Data for this exercise section start
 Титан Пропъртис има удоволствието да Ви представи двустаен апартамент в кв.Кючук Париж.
Data for this exercise section end
Data for this exercise section start
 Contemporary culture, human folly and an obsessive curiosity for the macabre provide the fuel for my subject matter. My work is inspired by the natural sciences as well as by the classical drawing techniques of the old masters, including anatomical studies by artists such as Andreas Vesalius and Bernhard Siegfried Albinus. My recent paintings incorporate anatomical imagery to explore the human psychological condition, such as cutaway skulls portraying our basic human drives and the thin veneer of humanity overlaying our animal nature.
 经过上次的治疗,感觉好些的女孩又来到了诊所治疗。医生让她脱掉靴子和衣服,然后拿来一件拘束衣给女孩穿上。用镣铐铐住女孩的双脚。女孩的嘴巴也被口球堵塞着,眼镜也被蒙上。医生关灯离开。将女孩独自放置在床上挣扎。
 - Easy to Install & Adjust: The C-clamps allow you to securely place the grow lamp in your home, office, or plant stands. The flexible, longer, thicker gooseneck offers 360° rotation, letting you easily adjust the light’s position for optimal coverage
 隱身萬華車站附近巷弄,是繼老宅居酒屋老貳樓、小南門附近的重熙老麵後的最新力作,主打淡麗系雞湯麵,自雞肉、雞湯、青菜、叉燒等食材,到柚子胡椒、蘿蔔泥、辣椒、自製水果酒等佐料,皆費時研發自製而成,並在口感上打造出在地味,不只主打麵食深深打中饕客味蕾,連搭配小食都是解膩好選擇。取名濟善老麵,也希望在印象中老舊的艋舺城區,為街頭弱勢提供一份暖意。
Data for this exercise section end
Beginning at the line above that contains "- Easy to Install", return each line exactly through the line that contains "隱身萬華車站附近巷弄,是繼老", and no others.

> **Solution for this exercise**
 - Easy to Install & Adjust: The C-clamps allow you to securely place the grow lamp in your home, office, or plant stands. The flexible, longer, thicker gooseneck offers 360° rotation, letting you easily adjust the light’s position for optimal coverage
 隱身萬華車站附近巷弄,是繼老宅居酒屋老貳樓、小南門附近的重熙老麵後的最新力作,主打淡麗系雞湯麵,自雞肉、雞湯、青菜、叉燒等食材,到柚子胡椒、蘿蔔泥、辣椒、自製水果酒等佐料,皆費時研發自製而成,並在口感上打造出在地味,不只主打麵食深深打中饕客味蕾,連搭配小食都是解膩好選擇。取名濟善老麵,也希望在印象中老舊的艋舺城區,為街頭弱勢提供一份暖意。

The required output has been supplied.